AI Safety

Finding features in Transformers: Contrastive directions elicit stronger low-level perturbation responses than baselines

Researchers discover contrastive vectors reveal model concepts with far greater precision than sparse autoencoders.

Deep Dive

A research team led by Francisco Ferreira da Silva and StefanHex has developed a novel approach to understanding how large language models represent concepts internally. Their method uses contrastive directions—vectors created by subtracting average activations for different concepts (like English vs. Mandarin or Python vs. Haskell)—to probe model behavior. When they perturbed activations along these directions in models including Gemma 2-9B, Llama 3.1-8B, and Qwen 3-1.7B, they observed dramatically different responses compared to traditional methods.

Unlike sparse autoencoders (SAEs), the current gold standard for feature discovery which showed responses similar to random directions, contrastive vectors elicited strong model responses at perturbation magnitudes approximately 10 times smaller.

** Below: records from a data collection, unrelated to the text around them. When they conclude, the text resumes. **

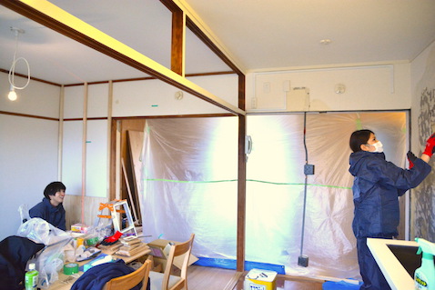 壁紙を剥がした壁面の模様や今回の壁たてで、印象が変化し始めたのが実感できます。それにしてもトーリー(嫁)、すごくキレイに壁紙を剥がしてくれました。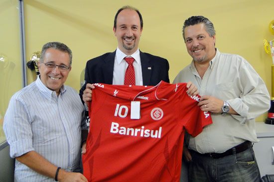 Jorge Avancini (E) e Rogério Ribeiro (D) entregando uma camisa ao diretor da QI, Henrique Gerstner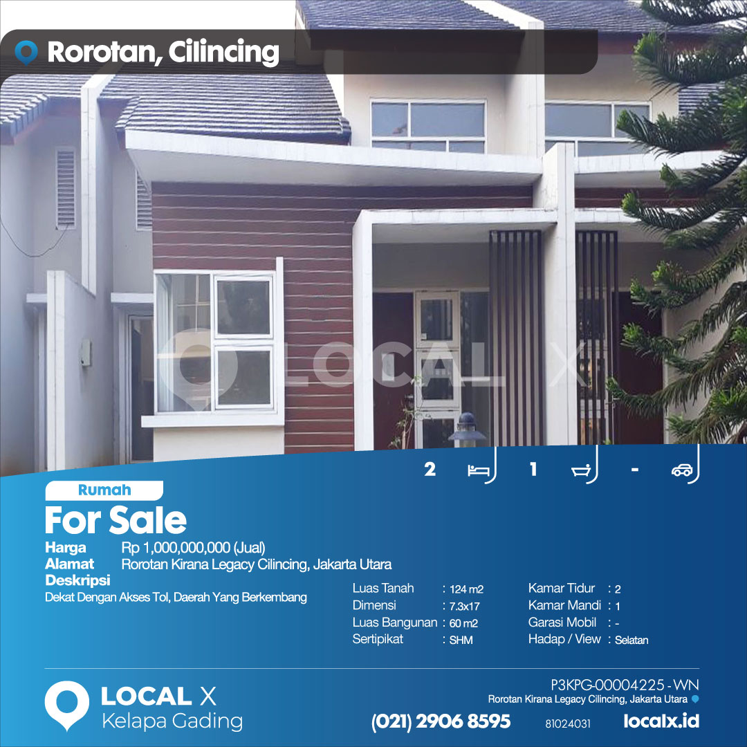 P3KPG-00004225-WN-J (For Sale – Jual) Rumah Rorotan Kirana Legacy Cilincing, Jakarta Utara

This suggests contrastive directions correspond more closely to actual computational features the models use, while SAE features may reflect dataset artifacts rather than genuine model representations. The researchers measured responses by calculating L2 distance between perturbed and unperturbed activations at the second-to-last layer, with consistent results across multiple model families and concept pairs.

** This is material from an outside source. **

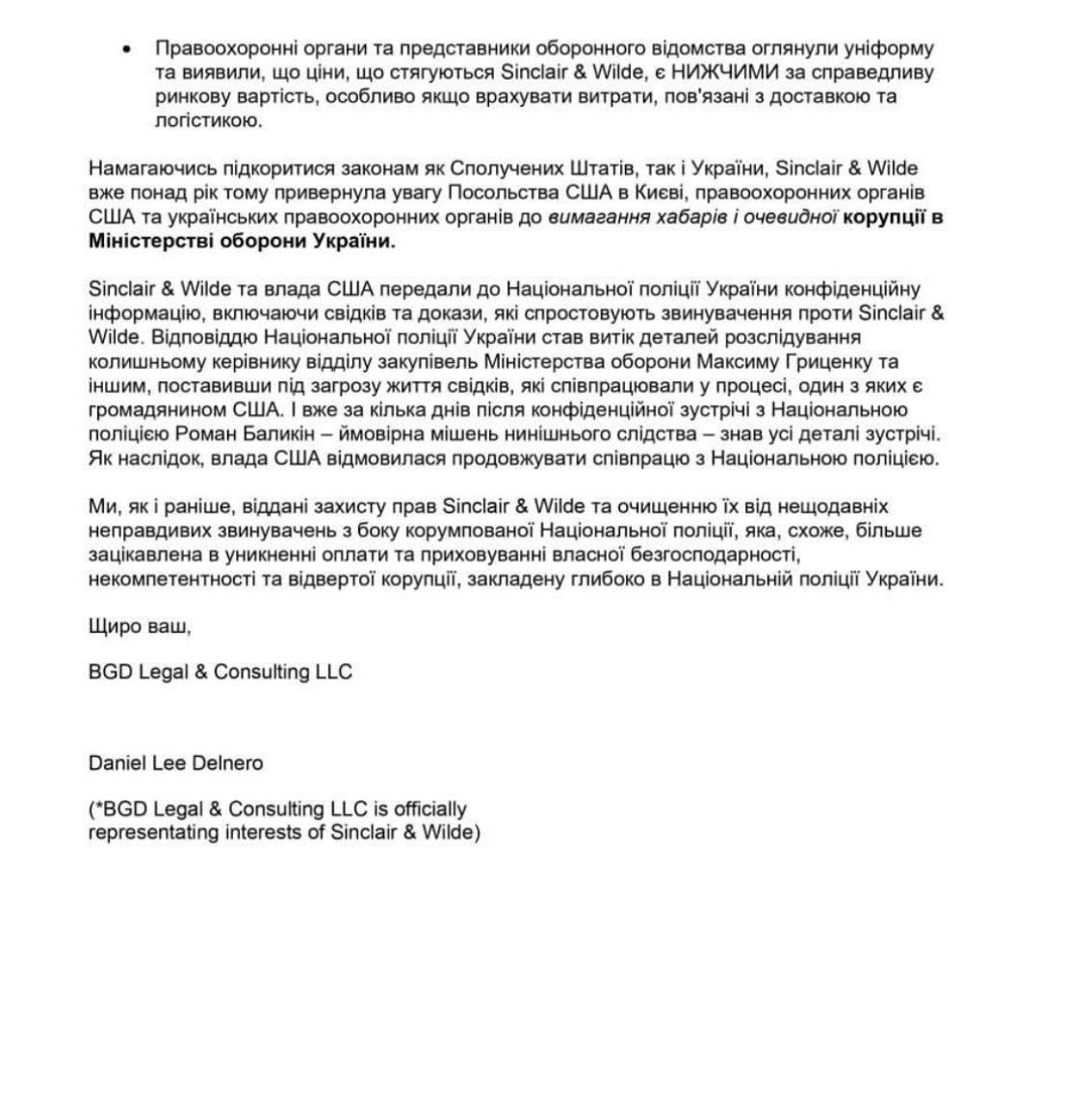 "Sinclair & Wilde категорически отрицает ложные и безосновательные заявления, сделанные в недавно обнародованном видео Национальной полицией Украины. Очевидно, что обнародование этой истории является попыткой Национальной полиции скрыть собственную внутреннюю коррупцию и коррумпированность Министерства обороны Украины в его длительных попытках отказаться от оплаты после того, как она неоднократно отказывалась платить взятки, которые от нее требовали", - говорится в открытом письме.

The findings challenge current interpretability practices and suggest contrastive probing could become a more reliable method for understanding model internals. This approach could enable more precise steering of model behavior and better monitoring for AI safety applications, potentially allowing researchers to identify and modify specific concepts within models with unprecedented accuracy.

Key Points
  • Contrastive directions (English→Mandarin, Python→Haskell, male→female) elicit model responses at perturbation magnitudes 10x smaller than sparse autoencoder features
  • Tested across three model families: Gemma 2-9B, Llama 3.1-8B, and Qwen 3-1.7B with consistent results
  • SAE features performed similarly to random directions, suggesting they may capture dataset artifacts rather than genuine model computations

Why It Matters

This could revolutionize AI interpretability, enabling more precise model steering and safety monitoring by better understanding how concepts are represented internally.